#### Your task:
Print the lines in the listing below starting at the line with "Currey & Company" and ending at the line with "The verdict? Slightly", both included. Reproduce them exactly and omit every picture.
START Records for processing
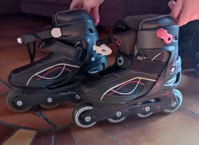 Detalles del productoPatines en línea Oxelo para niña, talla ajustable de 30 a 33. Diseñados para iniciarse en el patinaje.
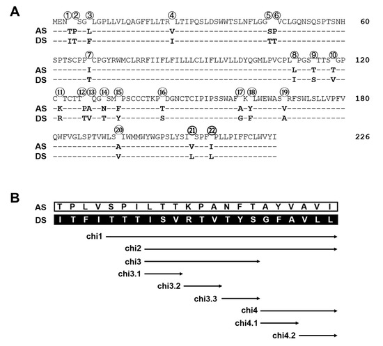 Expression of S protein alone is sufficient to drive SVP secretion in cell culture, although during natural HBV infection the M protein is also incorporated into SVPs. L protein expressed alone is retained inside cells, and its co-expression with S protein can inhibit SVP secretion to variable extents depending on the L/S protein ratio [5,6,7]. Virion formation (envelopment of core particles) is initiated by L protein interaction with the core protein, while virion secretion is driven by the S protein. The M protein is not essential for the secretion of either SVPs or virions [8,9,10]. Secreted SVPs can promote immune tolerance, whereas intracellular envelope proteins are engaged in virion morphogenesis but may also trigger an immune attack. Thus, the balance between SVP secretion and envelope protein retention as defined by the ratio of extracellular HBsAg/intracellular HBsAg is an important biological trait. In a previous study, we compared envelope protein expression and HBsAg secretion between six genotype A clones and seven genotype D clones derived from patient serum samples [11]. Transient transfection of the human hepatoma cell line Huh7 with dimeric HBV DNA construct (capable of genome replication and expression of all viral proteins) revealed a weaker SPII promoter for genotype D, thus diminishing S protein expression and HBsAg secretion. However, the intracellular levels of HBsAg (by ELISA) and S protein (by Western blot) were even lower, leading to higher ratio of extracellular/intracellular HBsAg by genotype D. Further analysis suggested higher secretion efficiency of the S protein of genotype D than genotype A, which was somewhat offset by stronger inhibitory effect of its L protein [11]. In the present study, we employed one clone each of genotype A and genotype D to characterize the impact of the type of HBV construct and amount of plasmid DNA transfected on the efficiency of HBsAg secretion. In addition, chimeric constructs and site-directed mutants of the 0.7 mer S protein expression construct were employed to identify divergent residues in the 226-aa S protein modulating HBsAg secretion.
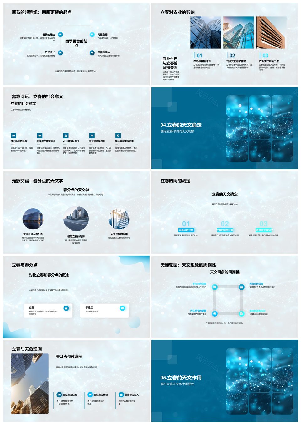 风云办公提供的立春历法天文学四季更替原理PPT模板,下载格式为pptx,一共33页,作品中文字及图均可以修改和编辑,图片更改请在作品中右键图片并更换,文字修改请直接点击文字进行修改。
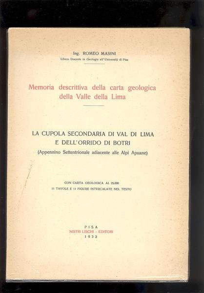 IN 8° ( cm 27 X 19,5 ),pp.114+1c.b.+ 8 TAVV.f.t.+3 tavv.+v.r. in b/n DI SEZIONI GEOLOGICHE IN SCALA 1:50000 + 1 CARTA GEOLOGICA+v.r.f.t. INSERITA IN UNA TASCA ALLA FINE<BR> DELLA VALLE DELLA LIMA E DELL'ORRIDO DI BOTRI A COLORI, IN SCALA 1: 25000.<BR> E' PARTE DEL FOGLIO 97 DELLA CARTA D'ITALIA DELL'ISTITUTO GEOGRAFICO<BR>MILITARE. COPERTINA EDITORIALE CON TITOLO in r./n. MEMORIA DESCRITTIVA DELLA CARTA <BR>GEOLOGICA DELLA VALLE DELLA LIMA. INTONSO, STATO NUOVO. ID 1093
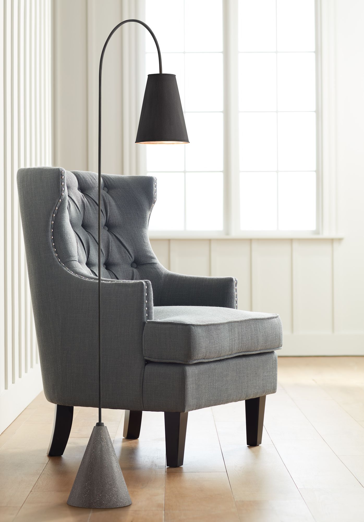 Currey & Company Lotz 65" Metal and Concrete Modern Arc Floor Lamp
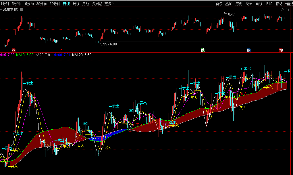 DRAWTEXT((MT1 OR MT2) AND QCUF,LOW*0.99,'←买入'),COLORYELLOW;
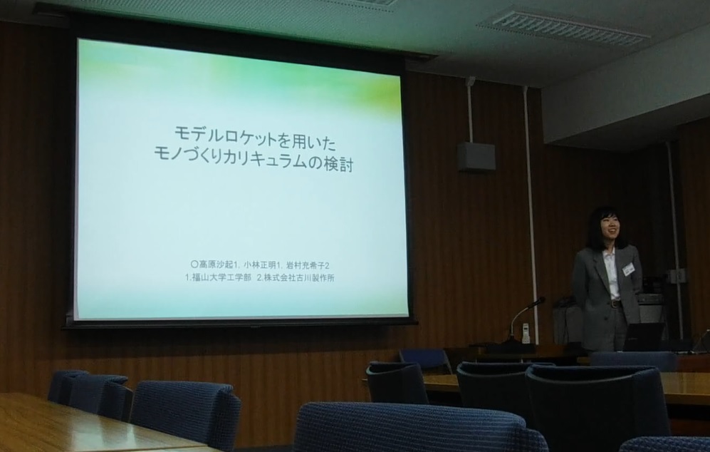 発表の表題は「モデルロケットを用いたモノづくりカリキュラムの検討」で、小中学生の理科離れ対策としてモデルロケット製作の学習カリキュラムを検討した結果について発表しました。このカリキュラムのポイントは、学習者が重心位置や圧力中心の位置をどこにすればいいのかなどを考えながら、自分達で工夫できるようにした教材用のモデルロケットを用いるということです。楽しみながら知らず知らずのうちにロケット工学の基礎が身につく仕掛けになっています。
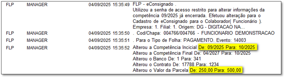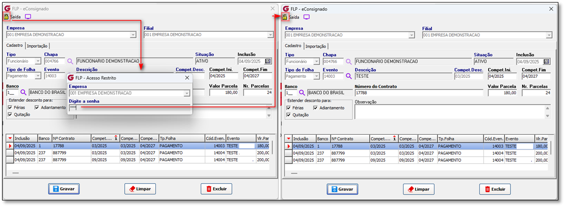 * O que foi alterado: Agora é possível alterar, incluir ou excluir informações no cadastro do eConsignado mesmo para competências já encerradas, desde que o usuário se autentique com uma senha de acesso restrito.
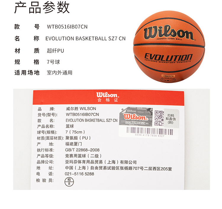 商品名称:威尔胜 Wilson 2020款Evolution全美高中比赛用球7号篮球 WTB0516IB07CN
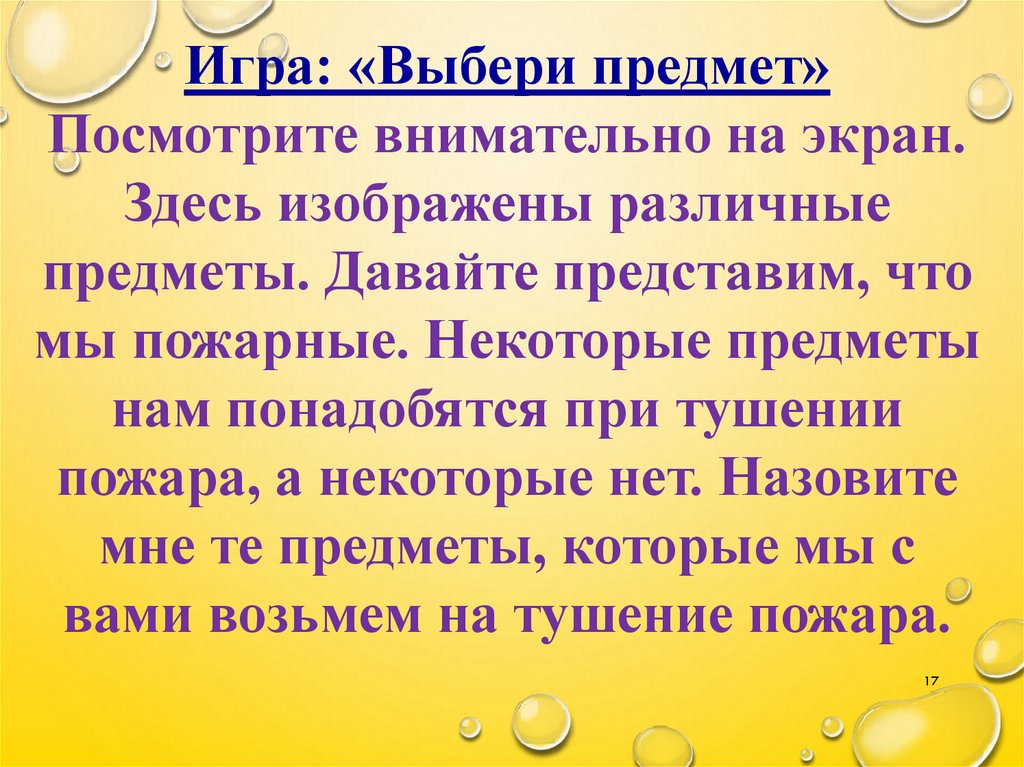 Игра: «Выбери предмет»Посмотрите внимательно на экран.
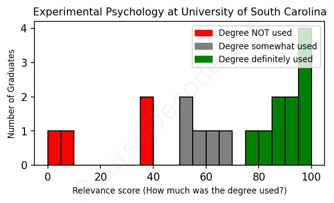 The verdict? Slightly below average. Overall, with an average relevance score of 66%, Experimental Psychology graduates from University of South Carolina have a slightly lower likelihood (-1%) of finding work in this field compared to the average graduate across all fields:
END Records for processing
START Records for processing
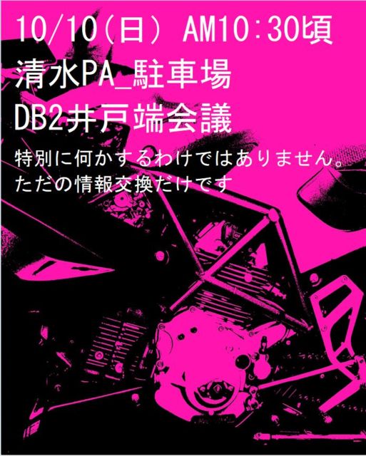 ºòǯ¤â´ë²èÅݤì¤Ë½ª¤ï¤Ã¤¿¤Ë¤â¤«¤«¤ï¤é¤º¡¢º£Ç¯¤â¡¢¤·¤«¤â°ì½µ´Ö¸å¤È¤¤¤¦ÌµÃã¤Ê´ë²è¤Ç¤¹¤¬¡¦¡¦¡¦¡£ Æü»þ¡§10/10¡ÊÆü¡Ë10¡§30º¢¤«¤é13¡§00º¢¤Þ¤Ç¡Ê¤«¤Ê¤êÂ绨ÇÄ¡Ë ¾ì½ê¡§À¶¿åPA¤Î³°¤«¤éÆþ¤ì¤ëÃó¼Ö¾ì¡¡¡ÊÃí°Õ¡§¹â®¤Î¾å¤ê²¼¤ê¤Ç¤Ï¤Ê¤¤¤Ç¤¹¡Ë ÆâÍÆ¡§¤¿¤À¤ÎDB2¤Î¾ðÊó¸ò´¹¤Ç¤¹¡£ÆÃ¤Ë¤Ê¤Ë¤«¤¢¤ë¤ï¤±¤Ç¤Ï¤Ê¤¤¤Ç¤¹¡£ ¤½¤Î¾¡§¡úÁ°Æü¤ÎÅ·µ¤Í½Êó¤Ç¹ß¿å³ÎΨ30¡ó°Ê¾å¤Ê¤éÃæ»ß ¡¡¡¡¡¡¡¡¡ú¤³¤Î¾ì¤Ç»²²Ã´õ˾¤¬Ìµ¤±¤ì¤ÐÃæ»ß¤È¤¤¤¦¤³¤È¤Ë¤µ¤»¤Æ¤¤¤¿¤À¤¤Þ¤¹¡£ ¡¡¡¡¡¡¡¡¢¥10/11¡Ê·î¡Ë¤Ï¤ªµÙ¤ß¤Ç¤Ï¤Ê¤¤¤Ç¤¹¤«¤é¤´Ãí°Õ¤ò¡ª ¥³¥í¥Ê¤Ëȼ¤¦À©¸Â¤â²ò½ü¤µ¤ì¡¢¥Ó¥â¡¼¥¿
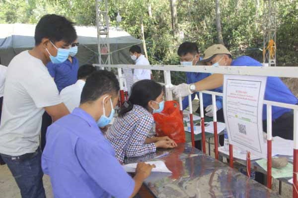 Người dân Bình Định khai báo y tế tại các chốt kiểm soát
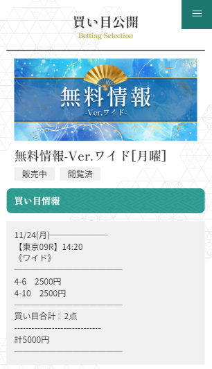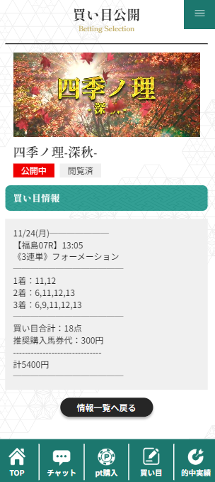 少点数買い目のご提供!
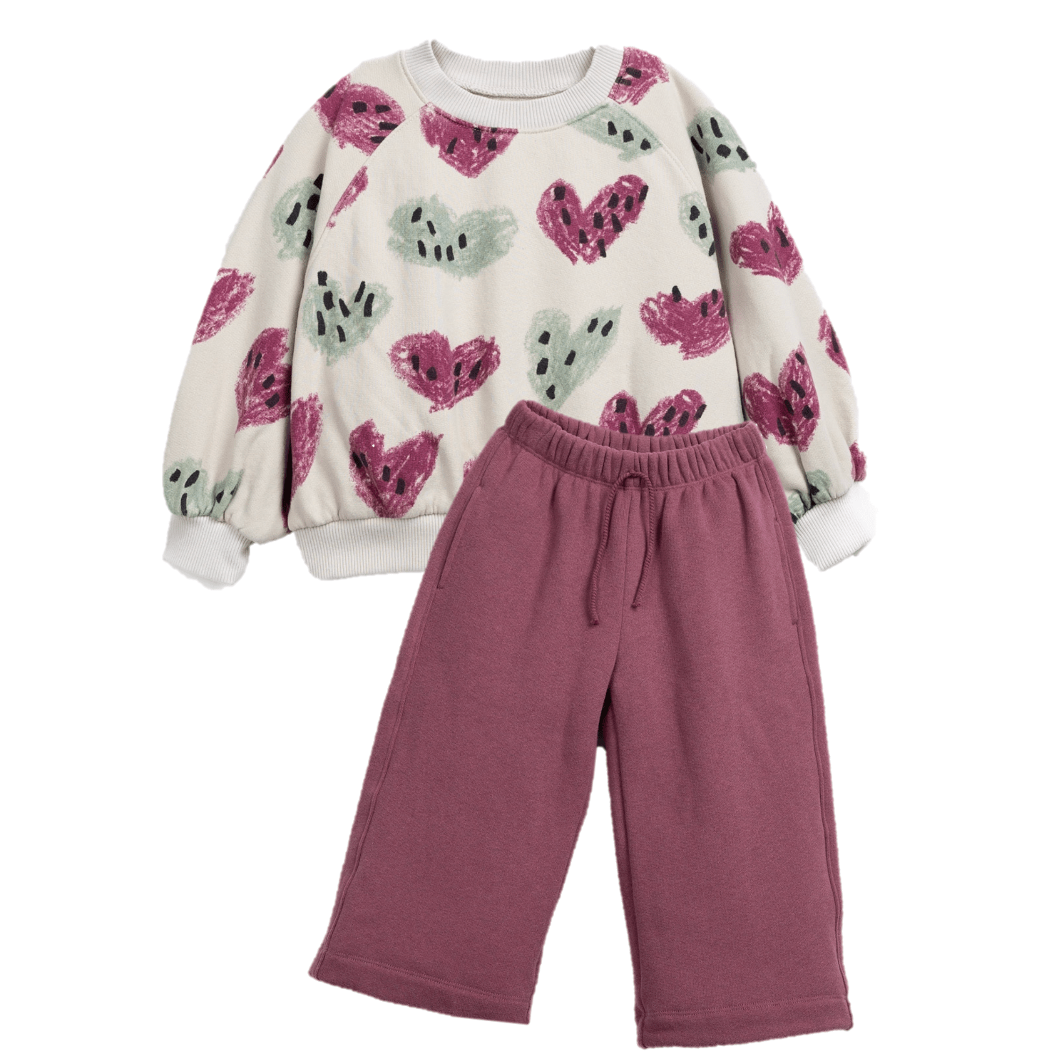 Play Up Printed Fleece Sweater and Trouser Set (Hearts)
END Records for processing
START Records for processing
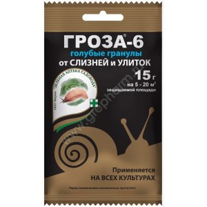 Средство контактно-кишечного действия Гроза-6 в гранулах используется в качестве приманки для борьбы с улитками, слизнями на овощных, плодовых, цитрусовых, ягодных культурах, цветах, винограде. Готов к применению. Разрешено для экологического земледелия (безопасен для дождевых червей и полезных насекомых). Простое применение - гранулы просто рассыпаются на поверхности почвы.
END Records for processing
#### Output for this exercise:
 Currey & Company Lotz 65" Metal and Concrete Modern Arc Floor Lamp
 DRAWTEXT((MT1 OR MT2) AND QCUF,LOW*0.99,'←买入'),COLORYELLOW;
 発表の表題は「モデルロケットを用いたモノづくりカリキュラムの検討」で、小中学生の理科離れ対策としてモデルロケット製作の学習カリキュラムを検討した結果について発表しました。このカリキュラムのポイントは、学習者が重心位置や圧力中心の位置をどこにすればいいのかなどを考えながら、自分達で工夫できるようにした教材用のモデルロケットを用いるということです。楽しみながら知らず知らずのうちにロケット工学の基礎が身につく仕掛けになっています。
 * O que foi alterado: Agora é possível alterar, incluir ou excluir informações no cadastro do eConsignado mesmo para competências já encerradas, desde que o usuário se autentique com uma senha de acesso restrito.
 商品名称:威尔胜 Wilson 2020款Evolution全美高中比赛用球7号篮球 WTB0516IB07CN
 Игра: «Выбери предмет»Посмотрите внимательно на экран.
 The verdict? Slightly below average. Overall, with an average relevance score of 66%, Experimental Psychology graduates from University of South Carolina have a slightly lower likelihood (-1%) of finding work in this field compared to the average graduate across all fields:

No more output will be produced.